* _Your instructions_
Find the line that holds "顏色:黑色 白色 粉色" in the material below. Output that line and each one after it exactly, but not the pictures.
:: Data for this exercise ::
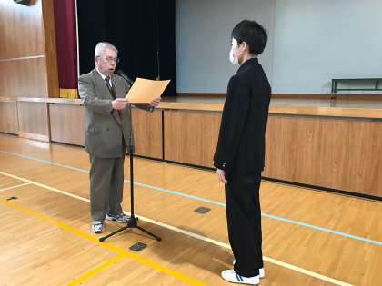 本日の始業式に先立って、北税務署長より表彰された「税の作文」についての表彰状の伝達を行いました。
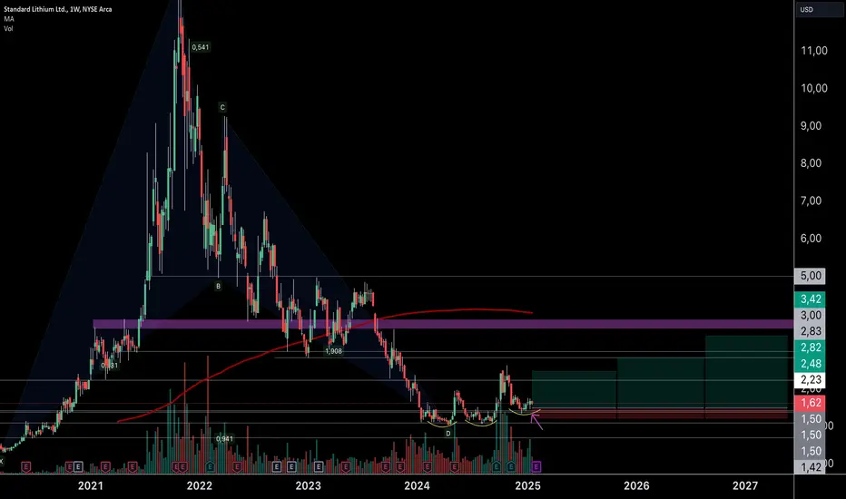Zum Einstieg skaliere ich zwischen 1,55$ -1,40$ in drei Tranchen mit je 33% meines Risikos hinein. Der Stop Loss liegt bei 1,22$, was ein 3,5 CRV zum ersten Take Profit Level bei 2,49$ ermöglicht (0.886er Fibonacci des letzen Swing Hochs).
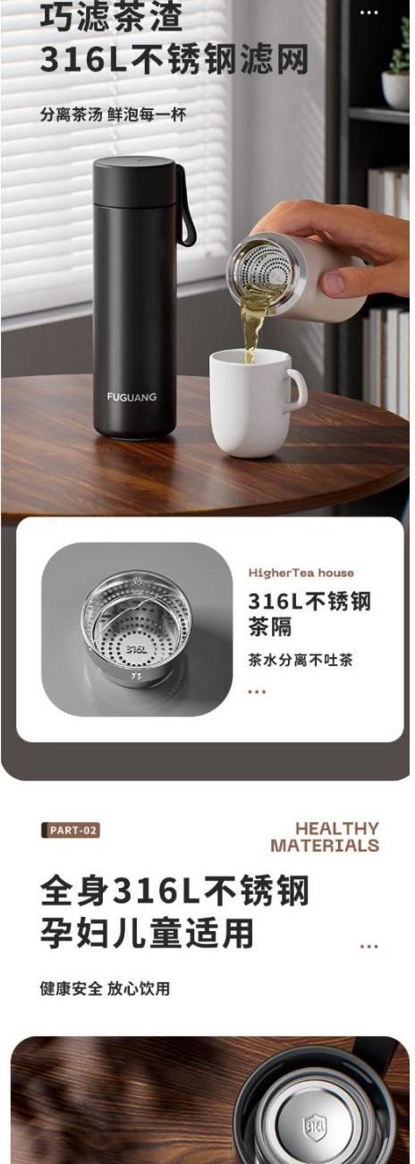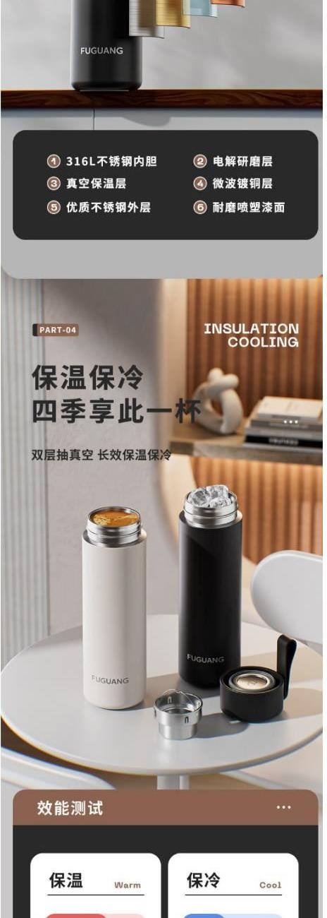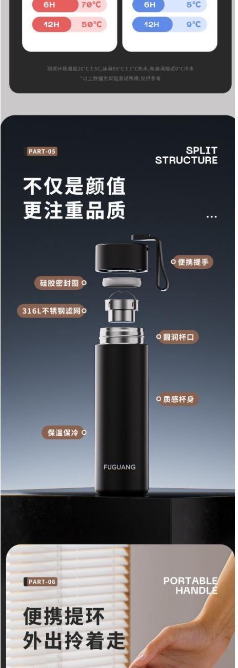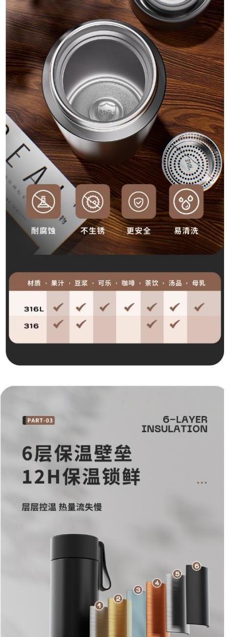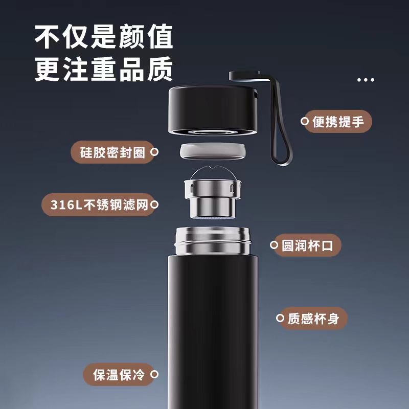顏色:黑色 白色 粉色 綠色 容量:480ml 尺寸:62*210mm 材質(zhì):316奧氏體不銹鋼內(nèi)膽,316不銹鋼濾網(wǎng)。 無尾真空超長保溫。 超輕杯身設(shè)計(jì),加寬硅膠提手隨身攜帶更方便。 包裝:單瓦盒
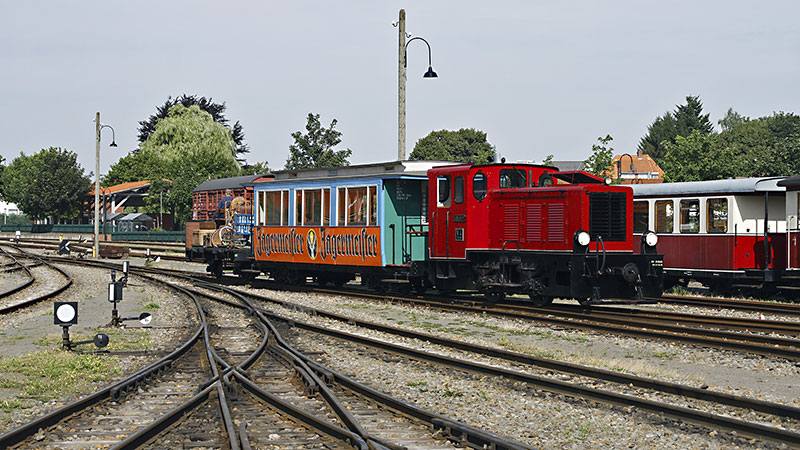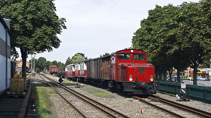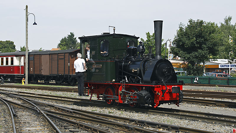 Tramwaylok "Plettenberg" rangierte mit ihren zwei Wagen. Bruchhausen-Vilsen, 2. August 2008 |
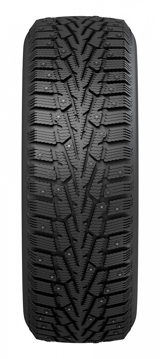 Несимметрично расположенные 16 рядов шипов попеременно вступают в контакт с дорогой. В пятне контакта постоянно находятся не менее 10 шипов для надежного удержания шины от скольжения в любых направлениях.
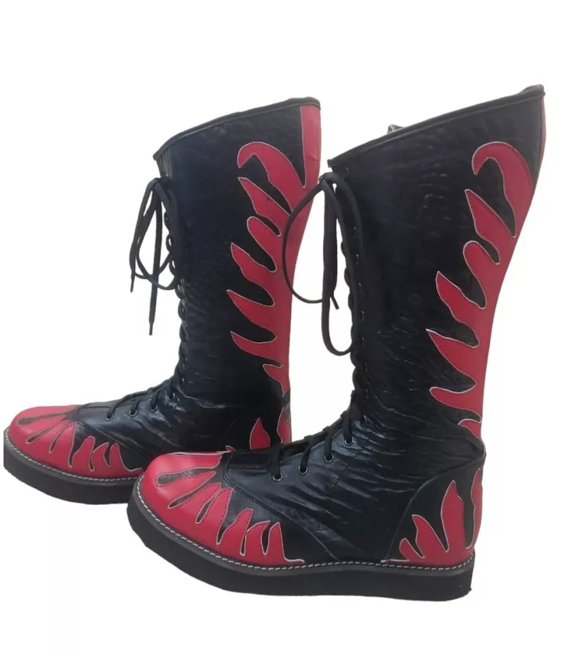 Stap die kryt in met selfvertroue en styl met ons Handgemaakte Leer Stoeistewels. Gemaak met 100% egte leer, spog hierdie stewels nie net met ongeëwenaarde duursaamheid nie, maar ook met 'n unieke en luukse estetika. Die treffende ROOI kleur word beklemtoon deur 'n vuurstyl-leerlaag, wat 'n ekstra dimensie aan jou stoeiklere gee.
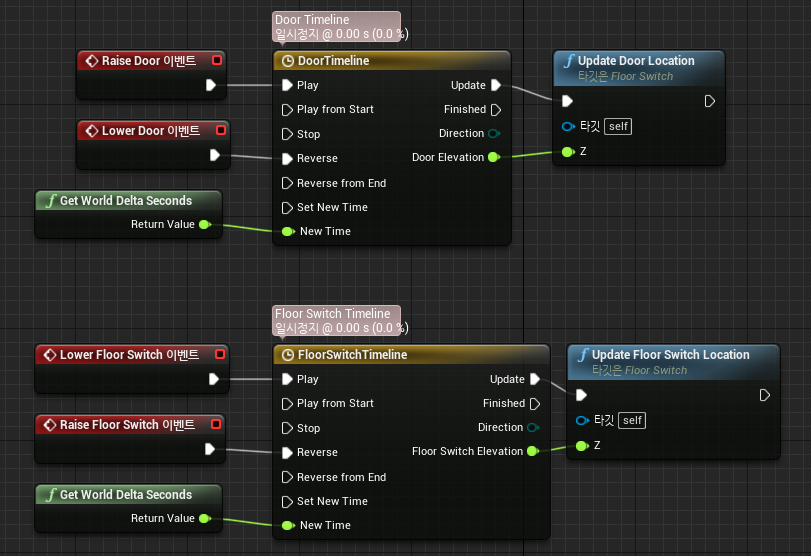 OnOverlap이 발생하면 타임라인으로 만들어준 보간값이 UpdateDoorLocation에 전달되어서 Z축으로 부드럽게 이동하게 된다.
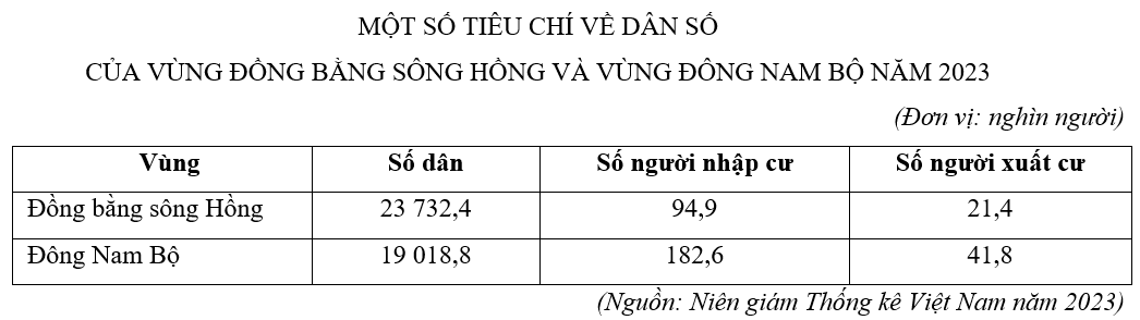 Căn cứ vào bảng số liệu, hãy cho biết tỉ suất gia tăng dân số cơ học năm 2023 của vùng Đông Nam Bộ nhiều hơn so với vùng Đồng bằng sông Hồng bao nhiêu ‰? (Làm tròn kết quả đến chữ số thập phân thứ hai)
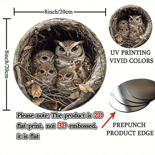 1pc 3D Owl Family Metal Sign 30cm x 20cm Pre-Drilled Aluminum Wall Art
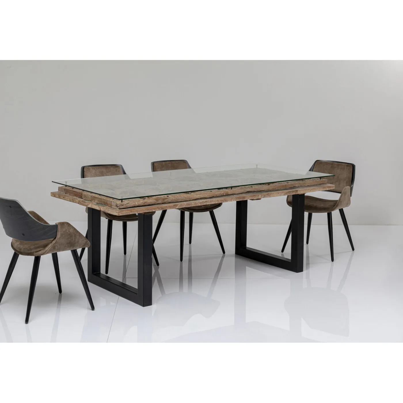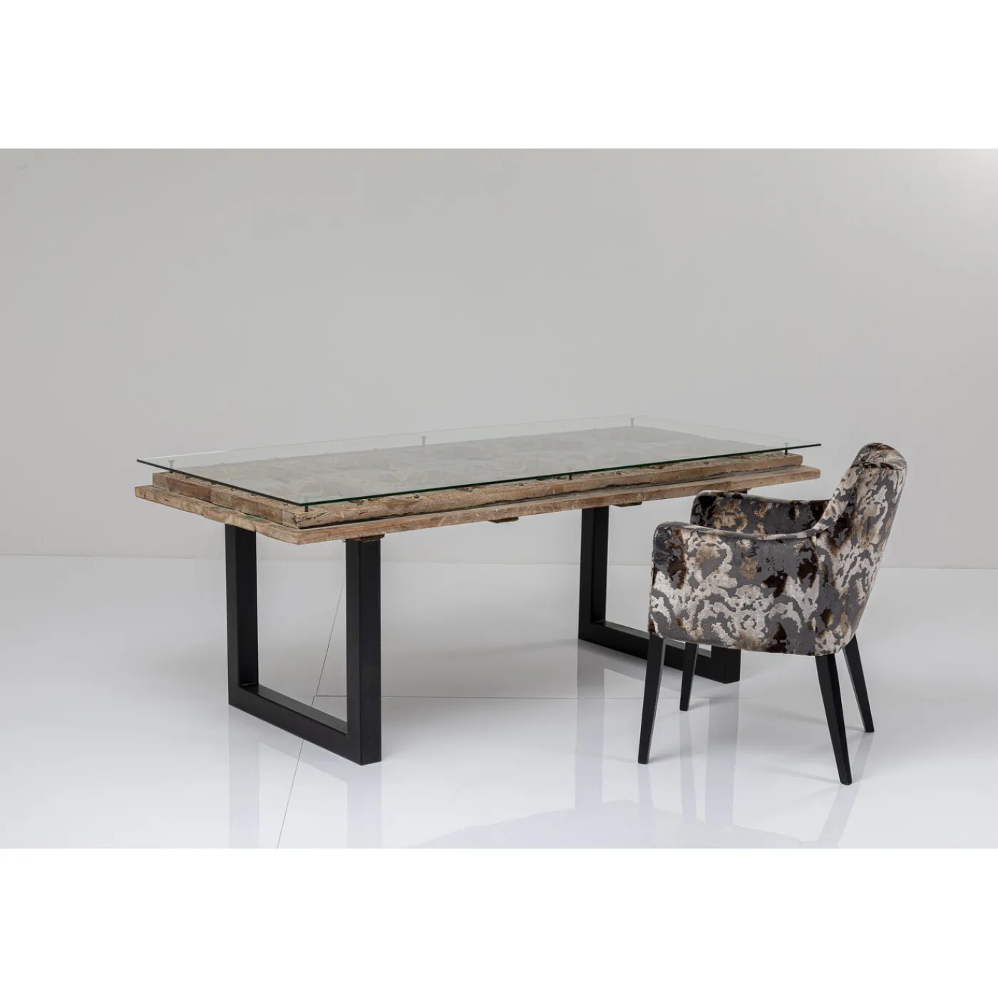 Informations Sur Les Produits: Plateau De Table: Verre Verre Trempe Esg Clair,Bois Massif Bois Recycle Mangue Cire,Pied: Acier Laque,100 Kg Capacite De Charge Maximale,Fabrique A La Main,Demonte,Soin Et Nettoyage: Ref. 25002 Nettoyant Meubles
:::
* _Result_
顏色:黑色 白色 粉色 綠色 容量:480ml 尺寸:62*210mm 材質(zhì):316奧氏體不銹鋼內(nèi)膽,316不銹鋼濾網(wǎng)。 無尾真空超長保溫。 超輕杯身設(shè)計(jì),加寬硅膠提手隨身攜帶更方便。 包裝:單瓦盒
 Tramwaylok "Plettenberg" rangierte mit ihren zwei Wagen. Bruchhausen-Vilsen, 2. August 2008 |
 Несимметрично расположенные 16 рядов шипов попеременно вступают в контакт с дорогой. В пятне контакта постоянно находятся не менее 10 шипов для надежного удержания шины от скольжения в любых направлениях.
 Stap die kryt in met selfvertroue en styl met ons Handgemaakte Leer Stoeistewels. Gemaak met 100% egte leer, spog hierdie stewels nie net met ongeëwenaarde duursaamheid nie, maar ook met 'n unieke en luukse estetika. Die treffende ROOI kleur word beklemtoon deur 'n vuurstyl-leerlaag, wat 'n ekstra dimensie aan jou stoeiklere gee.
 OnOverlap이 발생하면 타임라인으로 만들어준 보간값이 UpdateDoorLocation에 전달되어서 Z축으로 부드럽게 이동하게 된다.
 Căn cứ vào bảng số liệu, hãy cho biết tỉ suất gia tăng dân số cơ học năm 2023 của vùng Đông Nam Bộ nhiều hơn so với vùng Đồng bằng sông Hồng bao nhiêu ‰? (Làm tròn kết quả đến chữ số thập phân thứ hai)
 1pc 3D Owl Family Metal Sign 30cm x 20cm Pre-Drilled Aluminum Wall Art
 Informations Sur Les Produits: Plateau De Table: Verre Verre Trempe Esg Clair,Bois Massif Bois Recycle Mangue Cire,Pied: Acier Laque,100 Kg Capacite De Charge Maximale,Fabrique A La Main,Demonte,Soin Et Nettoyage: Ref. 25002 Nettoyant Meubles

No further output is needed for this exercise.